The rest of this paper is organised as follows: in Section 2, we reported the related work on topological methods. In Section 3, we examined the details implementation of three similarity methods. Topological methods are reported in Section 3.1 and statistical similarity measures are reported in Section 3.2. In Section 3.3, we reported string based similarity measures in two categories such as character based and term based similarity (Section 3.3.1 and 3.3.2). We also proposed a new method for detection of textual similarity between sentences based on language model and WordNet taxonomy in Section 4 and we reported a short experiment on the proposed method in Section 5. In Section 6, we listed out available software's and tools those are used for measuring the similarity. Applications of STS are reported in Section 7, and finally conclusion of the work is drawn in Section 8.

2 Related Work on Topological Methods

In many cases determining the intended meaning of an ambiguous word is difficult for human and it is quite difficult to process automatically also. This ambiguity can be eliminated by considering the following relationships among the words or concepts: (i) hierarchical (e.g.

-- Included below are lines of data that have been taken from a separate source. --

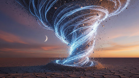 A vibrant blue and white glowing tornado of light and debris swirls in a cracked desert landscape under a twilight sky with a crescent moon.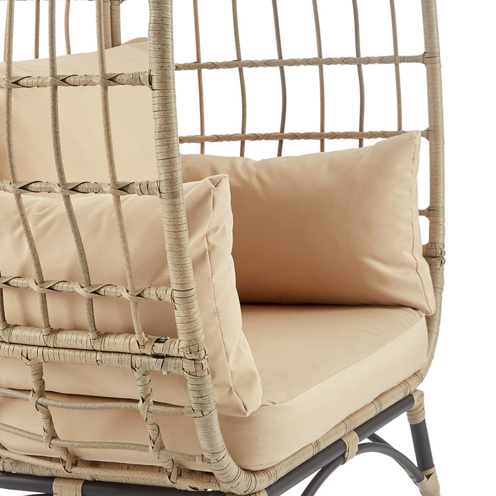 - The cocoon seat is supported by sturdy fixed metal legs, wrapped with matching rattan weaves.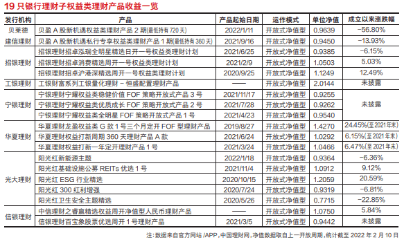 19只产品均是净值型产品,起始产品净值为1元,截至2月10日,有9只产品的净值超过1,另外10只产品均跌破净值。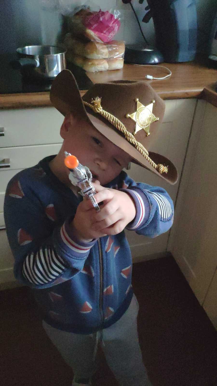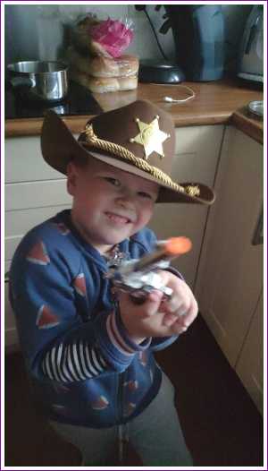 Eenmaal thuis heeft Youp ook nog even cowboy gespeeld.

IS-A or hypernym-hyponym, part-whole etc.), (ii) associative (e.g. cause-effect) and, (iii) equivalence ²⁵. Among these, IS-A relation is widely used and studied, which maps to the human cognitive view of classification (i.e. taxonomy). The IS-A relation among the concepts has been suggested and employed as a special case of semantic similarity of distance ⁴². Semantic similarity can be estimated by defining a topological similarity by using ontologies to define the distance between term and concepts.

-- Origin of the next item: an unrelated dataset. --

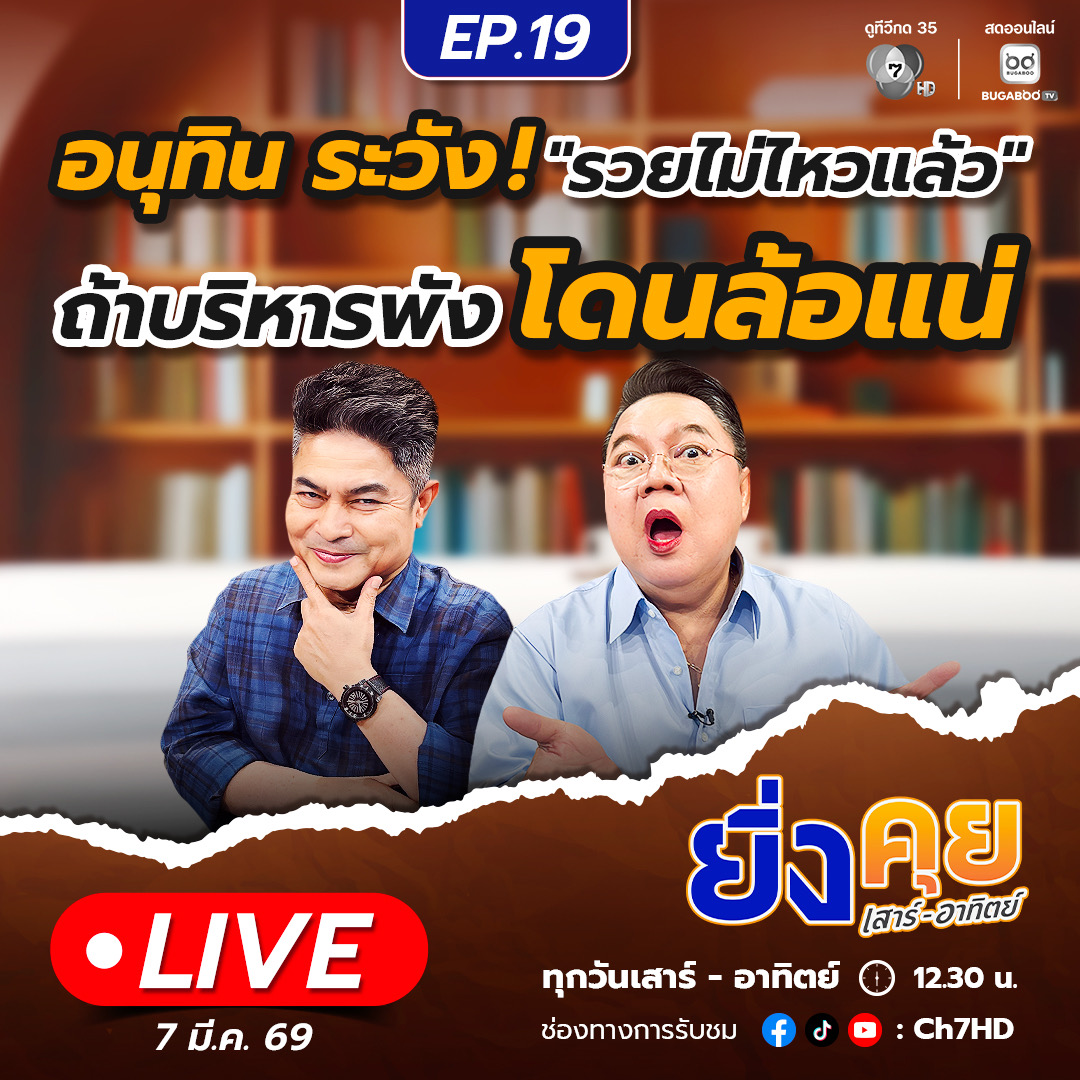 ยิ่งคุยเสาร์อาทิตย์ วันนี้กับประเด็นอนุทิน ระวัง ! "รวยไม่ไหวแล้ว" ถ้าบริหารพัง โดนล้อแน่

Taxonomy is often represented as a hierarchical structure and also considered as a network structure. To measuring the similarity information of this network can be useful. There are several ways to determine the conceptual similarity between two words in a hierarchical semantic network. There are essentially two types of approaches, which calculate topological similarity between ontological concepts. Those are (i) node based (information-content approach) and (ii) edge-based (distance based).

Issues related to lexical association was reported in ⁴⁵, where a generalization technique of lexical association was proposed. To solve these issues (i.e. reliable word/ word correspondence) author facilitate different statistical facts by considering word classes rather than individual words. In this task, a set of possible word classes were constructed from WordNet ³⁶ and an investigation was conducted to identify the relationship between word/ classes using mutual information. For word-based information retrieval, information from WordNet was passed over a SMART environment where a content description was added (only part-of-speech information) with the input text.

Ambiguity of word form during document indexing was investigated using a semantic based network where semantic distance between network nodes was considered ⁶². In this work, word sense during document indexing was studied using the WordNet semantic network. Distance between multiple senses of input word was disambiguated by finding the combination of senses from a set of contiguous terms.

In another work, Philip Resnik proposed a method for identification of semantic similarity in a taxonomy based on the notion of information content ⁴⁵. Similarity between two words/ concepts was evaluated by considering the common information between them and a set of fifty thousand (50,000) nodes form WordNet taxonomy of noun class was considered for this task. To calculate the frequencies of concepts Brown Corpus of American English (having 1000,000 words) was considered ²⁷.

Jiang and Conrath introduces a new approach for measuring semantic similarity between words using lexical taxonomy structure with corpus statistical information. So the semantic distance between nodes in the semantic space was constructed by the taxonomy, which provides a better result with the computational evidence those are derived from a distributional analysis of corpus data. This proposed method, is a combined approach in which edge counting scheme was inherited and further enhanced by node based approach ²⁵.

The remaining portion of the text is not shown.